Despite the retraction, his revoked medical license, and a bevy of scientific evidence against him, Wakefield maintains that his vaccine-autism theory is sound. He recently published a book in which he defends himself and his theory against naysayers. And according to the Slate article, he has relocated to the U.S., where he still has a fan base.
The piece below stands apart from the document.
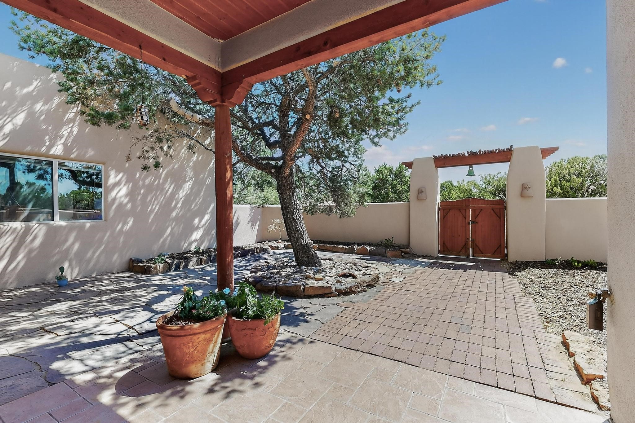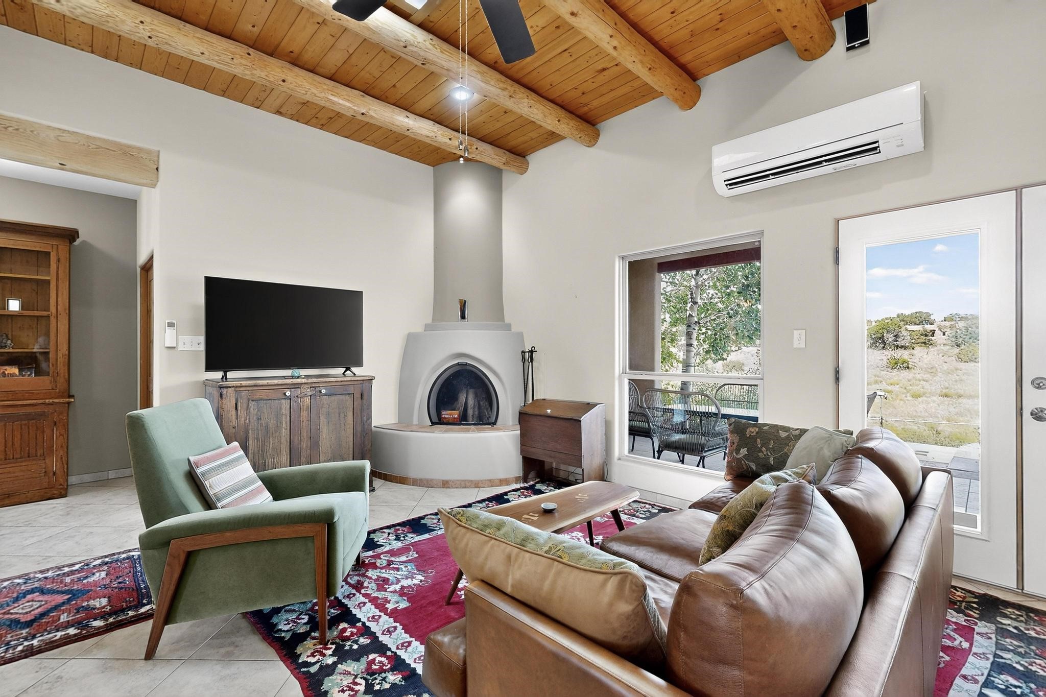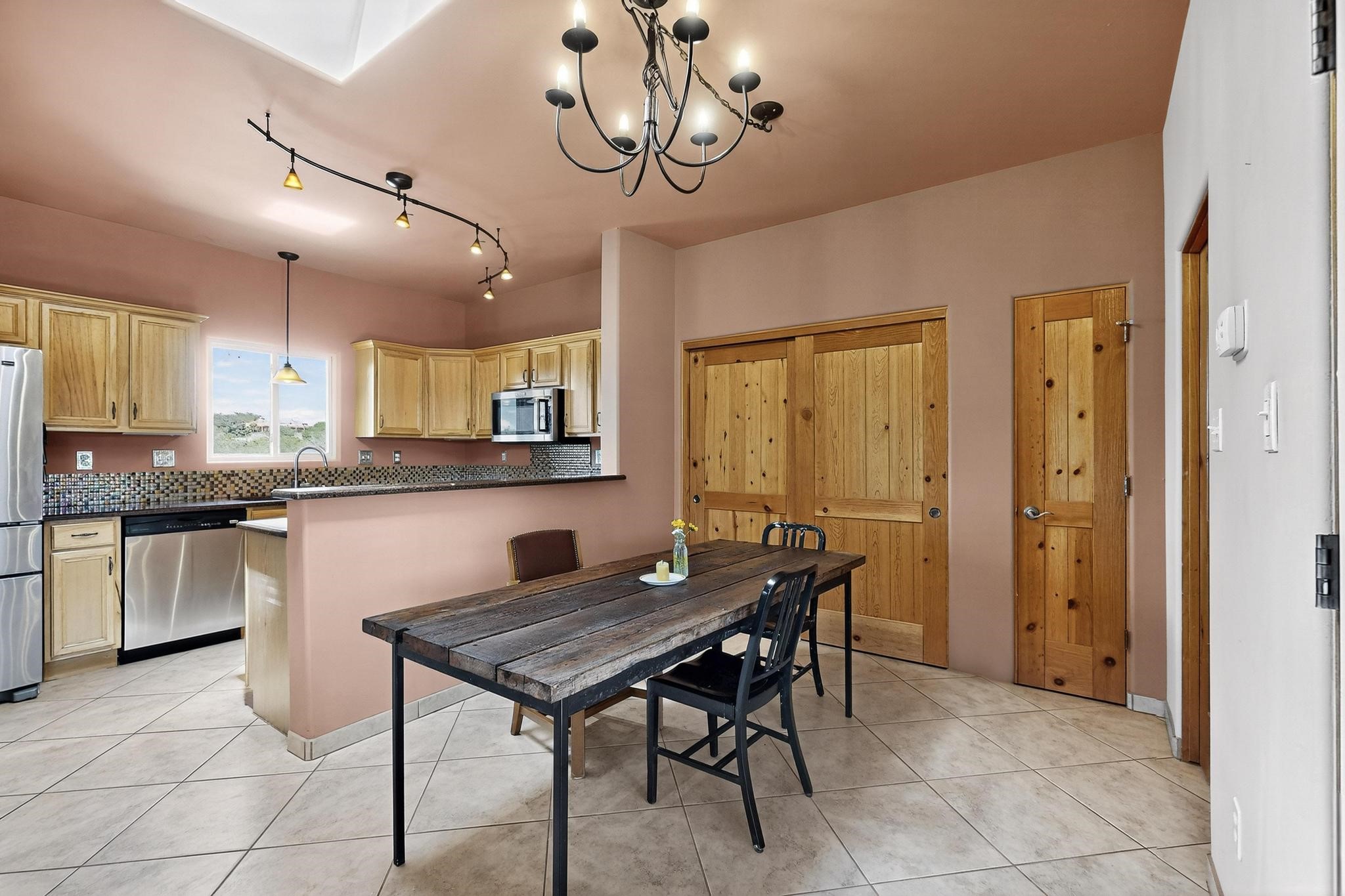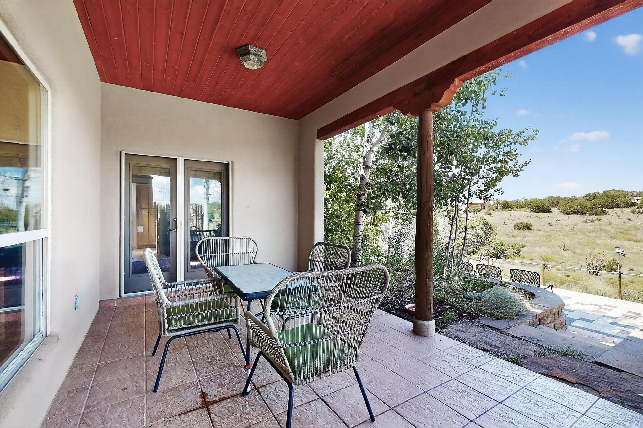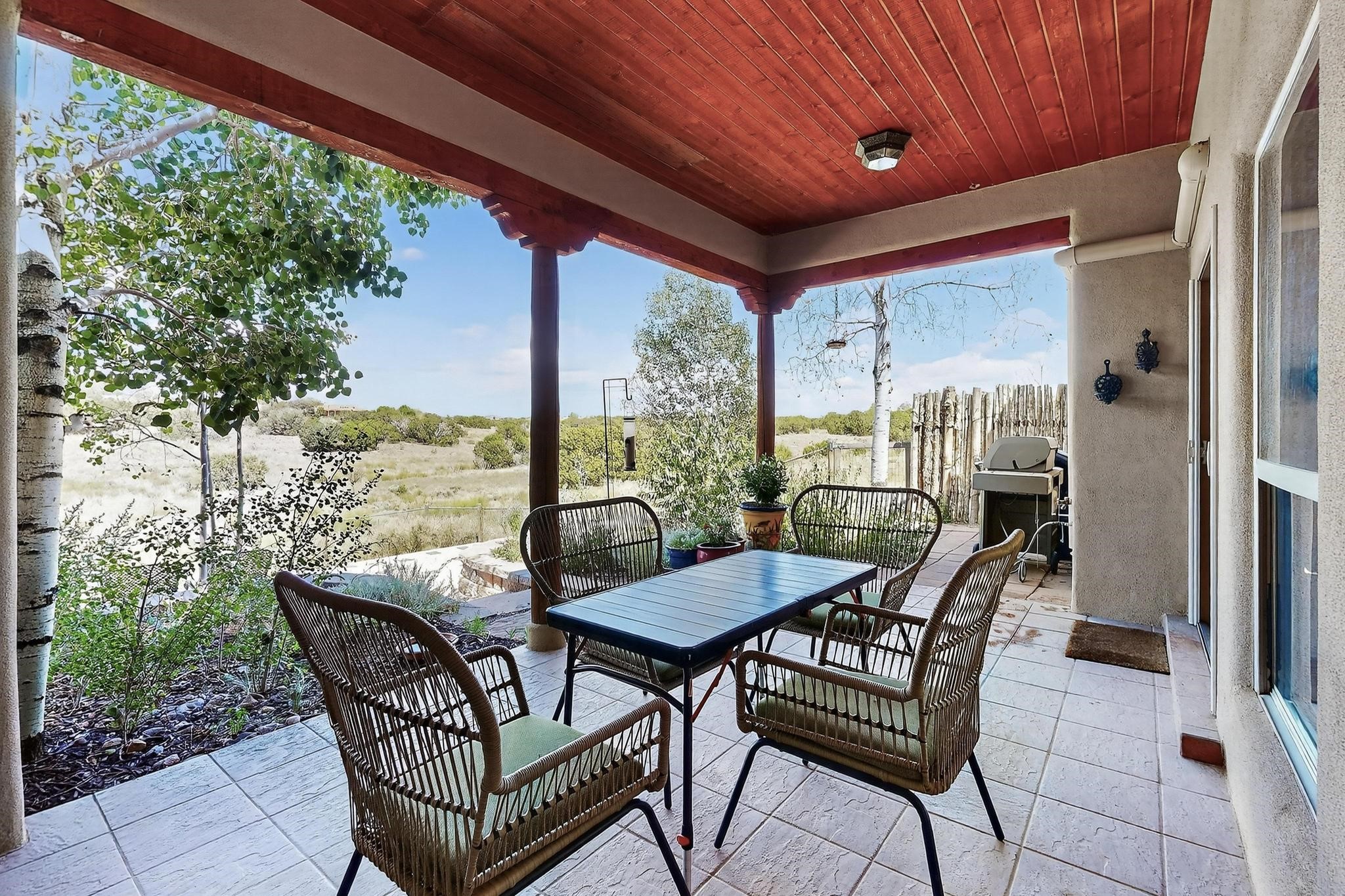 Calling all astronomers or night sky enthusiasts, this nicely maintained home located on a greenbelt includes a detached observatory. The natural gas radiant heating kitek heating is supplemented by Mitsubishi mini splits providing both heating and cooling. The plumbing has been serviced working currently. The new Gaco roof was installed in 2020 with additional foam insulation, and a 26 panel rooftop solar added. The home and wall was also stuccoed in 2020. The electrical service was upgraded to 220amps and an EV charger installed in the garage. The driveway and drainage has been improved. Landscaping has been extended to include decorative walls and fruit trees. The observatory was approved and installed in 2019-no telescope is included. All this is accessible to Eldorado amenities, easy to local shopping and services and only minutes into Santa Fe.

Previously: How the false MMR vaccine-autism connection was perpetuated and It’s over: no MMR vaccine-autism connection

2 Responses to “ Andrew Wakefield: 17 years of disputed research, and now a book ”

  1. Hand Gel G Says:

    Whilst there may be much to question in Dr. Wakefield’s research, it’s difficult not to draw parallels with Dr. William McBride who was instrumental in stopping the nightmare that was – and (arguably) is Thalidomide; and was struck-off for questionable research; and subsequently reinstated.
    One of the advantages that a corporation has over an individual is that any unfortunate research is viewed as a flaw in the individual rather than the organisation.
    The British government did not need to ban the use of the separate inoculations, thus forcing every parent in the UK to either give their child the MMR jab or not inoculate at all; nobody likes to feel forced into giving their child something they have misgivings about.
    It’s useful to remember that the governments first reaction to human form vCJD in the 80′s was to cut all research.
    I’m not saying Dr. Wakefield is right; it’s just important to put his ‘disputed research practices’ in context.

  2. patienz Says:

    As the Slate article points out, Wakefield was repeatedly wrong. It happens that he was continually let down both by false-positive reactions in his work and by his belief that false-positives should be believed and true negative results disbelieved so long as he stayed true to his beliefs–regardless of the results.

    This is hubris, but the tragedy is that so many misguided people continue to believe him.